Extra soap isn't going to hurt anything, so I'd err on the heavy side, personally.


----------



## catspjamas (Jul 14, 2013)

Taylor R. said:


> I make a ginormous recipe. 12 cups borax, 8 cups baking soda, 8 cups washing soda, and 8 cups grated bar soap. I use Fels Naptha, one grated bar per 2 cups. I don't actually measure the soap any more since I use the same kind every time. I just add a dozen drops of lemon balm EO and mix it in and it smells amazing.
> 
> I haven't had trouble with clumping, even though my laundry room is incredibly humid (has no A/C).
> 
> Extra soap isn't going to hurt anything, so I'd err on the heavy side, personally.


It's just me, so I don't need to make up a whole bunch at a time. So, I could grate the 3rd bar I have and mix with what I've already made? The Kirk's Castile is 4oz a bar. I have mildly, sensitive skin, which is why I used the Kirk's and the baking soda instead of the washing soda. I've washed 3 loads, and am happy so far.


----------



## Rick (May 10, 2002)

I don't know about anyone else, but our soap has some lumps.
We stir it before we use it, and it measures out just fine.

It gets the clothes clean, and we know what is in it!

How did your load turn out?


----------



## catspjamas (Jul 14, 2013)

Rick said:


> How did your load turn out?


I'm pleased. I did use Downy (lavender) in the rinse and a dryer sheet (lavender) in one load, in another I didn't use the Downy, but did use the dryer sheet. To me, there's no difference between the two loads. Next, I'll try it without a dryer sheet. Since I have lavender plants, I'm hoping I can find a way to make my own lavender scented dryer sheets and/or fabric softener.


----------



## bnmorgan (Aug 2, 2013)

Keep in mind baking soda and washing soda aren't the same thing, and I'd think neither is more likely than the other to cause an allergy problem, and neither would be likely to.


----------



## sss3 (Jul 15, 2007)

You can make washing soda out of baking soda. It's really easy. Google it and you'll find it. So much cheaper.


----------



## unregistered358895 (Jul 15, 2013)

I just started making my own laundry detergent and dish soap in the last few months. We are an entire family of people with sensitive skin, and making it myself has been a godsend. Not only cheaper, but also no more breakouts or rashes. 

Love it.


----------



## Werforpsu (Aug 8, 2013)

I use homemade laundry detergent...have for about 3 years now. my only complaint EVER is that if you have a baby and they throw up...use store bought detergent to wash the bedding and clothes because the odor doesn't get out well otherwise.
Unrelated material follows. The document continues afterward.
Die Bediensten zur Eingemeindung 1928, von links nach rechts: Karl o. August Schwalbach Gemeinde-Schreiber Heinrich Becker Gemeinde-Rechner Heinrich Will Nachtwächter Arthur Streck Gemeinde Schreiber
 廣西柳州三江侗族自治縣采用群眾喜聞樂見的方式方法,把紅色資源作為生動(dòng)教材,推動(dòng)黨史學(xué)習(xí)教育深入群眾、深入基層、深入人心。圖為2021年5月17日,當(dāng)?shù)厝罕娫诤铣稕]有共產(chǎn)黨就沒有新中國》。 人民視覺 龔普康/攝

I keep a small box of powdered detergent (one of the ones that costs 4 dollars or so). every once in a while I use it on a load. sometimes if i forget about a load in the washer, i use it because i think it is better at getting the odor out. my box lasts me about a year since i only use it a few times a month.


----------



## FarmChix (Mar 3, 2013)

Do any of you who are making your own laundry soap have a front-loading machine? Do you have an aeration system? I've always been told to use liquid detergent because we are not on county sewer, so I have steered away from the home recipes.....


----------



## Werforpsu (Aug 8, 2013)

FarmChix said:


> Do any of you who are making your own laundry soap have a front-loading machine? Do you have an aeration system? I've always been told to use liquid detergent because we are not on county sewer, so I have steered away from the home recipes.....


I have never heard anything about that...we have a septic tank and sand mound for black water, gray water just drains onto the bank below the house and goes down into our woods.
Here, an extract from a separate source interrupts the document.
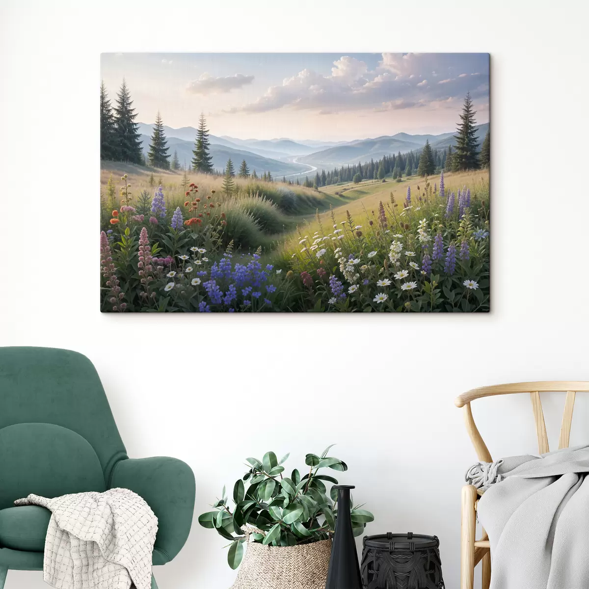 Tableau Paysage de montagne avec une prairie herbeuse au premier plan remplie de fleurs sauvages colorées Nr s39382

Both versions of my homemade detergent are liquid.
one uses the fels naptha bar...you grate it, melt it in water over the stove mix it with borax, washing soda and oxiclean..then add water to equal 10 gallons
the second uses dawn dish soap, borax and washing soda, the amounts are for 1 gallon and you can use any scent of dawn that you want to.

for a front loading machine are you worried about suds because the fels naptha is very low suds.???


----------



## catspjamas (Jul 14, 2013)

FarmChix said:


> Do any of you who are making your own laundry soap have a front-loading machine? Do you have an aeration system? I've always been told to use liquid detergent because we are not on county sewer, so I have steered away from the home recipes.....


All the blogs and places that I looked for a recipe for homemade laundry soap said that because the homemade version is low-sudsing they're great for HE washers. And I've only seen a warning against using the homemade liquid version if you're on a sewer. My washer and kitchen sink both drain to a "dry" well.


----------



## mustluvpits (Dec 7, 2013)

You can try this....Its works with our family....

Supplies

&#8226;5 Gallon Bucket WITH Lid
&#8226;Large Pot
&#8226;Cheese Grater
&#8226;Old Laundry Soap Container or Gallon Jug
Ingredients

&#8226;Fels Naptha Soap, one bar, grated 
&#8226;1 cup 20 Mule Team Borax
&#8226;1 cup Arm & Hammer Washing Soda
&#8226;4 1/2 gallons water
How to Make Laundry Soap - Finding Your Ingredients: 
You can find new 5-gallon buckets pretty cheap at Lowe's or Home Depot. Make sure you buy a lid for your bucket. They are sold separately for around a dollar. Of course, if you already have a 5-gallon bucket handy, recycle it and save yourself a few dollars.

Fels Naptha soap is usually available in the laundry department at Wal-mart or Target, but if you cannot find Fels Naptha, you can use Zote, which seems to be more readily available. This should cost you around a dollar.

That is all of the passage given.